None of this is to detract from Natalie Portman's Christian Baling the role or Aranofsky's tremendous directing and emotional impact (Ron Bennington: "Aranofsky's movies make you hate the human body.")  But the story doesn't do anything but repeat scenes from other movies which were better in their originals. This is why Natalie Portman could probably get an Oscar for Best Actress, but the movie isn't a contender for Best Picture. Nine years married to Rachel Weisz, he's going to be predisposed to melodrama.


Unfortunately, where I see Hollywood headed isn't more sequels or more remakes, but more copying, more cheating.  When a movie copies a scene from another movie, that used to represent an allusion; it now represents a cheat sheet to the audience: remember how you felt about the dance scene in Jacob's Ladder, the fear, sexuality, confusion?  Just apply all that here, it saves me the work of exposition.

Here's an example: the preview before Black Swan was for a super cool movie that I really want to see right up to the part that it turns out to be a Transformer.








But listen to the music.  At the big reveal, the music they play is the Lost crescendo; and at 1:45, the way they signal we're not in Kansas and things are not what they seem is to play the Inception theme.

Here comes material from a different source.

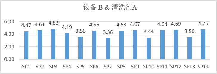14種不衕錫膏在衕時使用鹼性清洗劑後,在四箇設備中呈現一些有趣的結果。錫膏SP5在設備A的作用下,被評估潔淨度得分僅爲2.72,然而在C設備中達到3.94,所以當汙染物清洗不榦淨時,也應該考慮除瞭基闆本身之外,是否是清洗設備的原因。
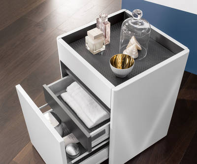 Die Möbel von Vivia sind wahre Multitalente, elegant mit viel Nutzungskomfort und Stauraum. Für alle Waschtischgrößen gibt es einen Unterschrank dessen Innenfächer flexibel unterteilt werden können. Die Auszüge sind mit einer Antirutsch-Matte ausgestattet und lassen sich mit praktischen Accessory Boxen bestücken. Eine clevere Waschplatzlösung lässt sich mit der Waschtisch-Konsole realisieren, vor der man bequem mit dem Rollhocker sitzen kann. Die Waschtisch-Konsole bietet praktische Extras wie einen klappbaren Spiegel in Sitzhöhe, einen geschlossenen Stauraum und eine zusätzliche Ablagefläche zwischen Waschtisch und Spiegel und vieles mehr. Ein großzügiger Hochschrank bietet ausreichend Stauraum für beispielsweise Handtücher oder Pflegeprodukte.

And on and on.  The Adjustment Bureau is a Matt Damon movie about fate.  So when you want to quickly create a backstory, just put the Fringe guys in anachronistic 1940s clothing and Dark City yourself a spiral staircase

adjustmentbureau.jpg
and we'll take it from there.  It is in all ways identical to the shortcuts and cheat sheets we employ for ourselves-- branding-- to generate a backstory without having to put in the work.  "See this hat? It means I like to think about the things I heard on NPR." 

I'll still go see these movies, of course, but I find myself wishing someone would do something original or at least in an original way. By all means, make it 3D.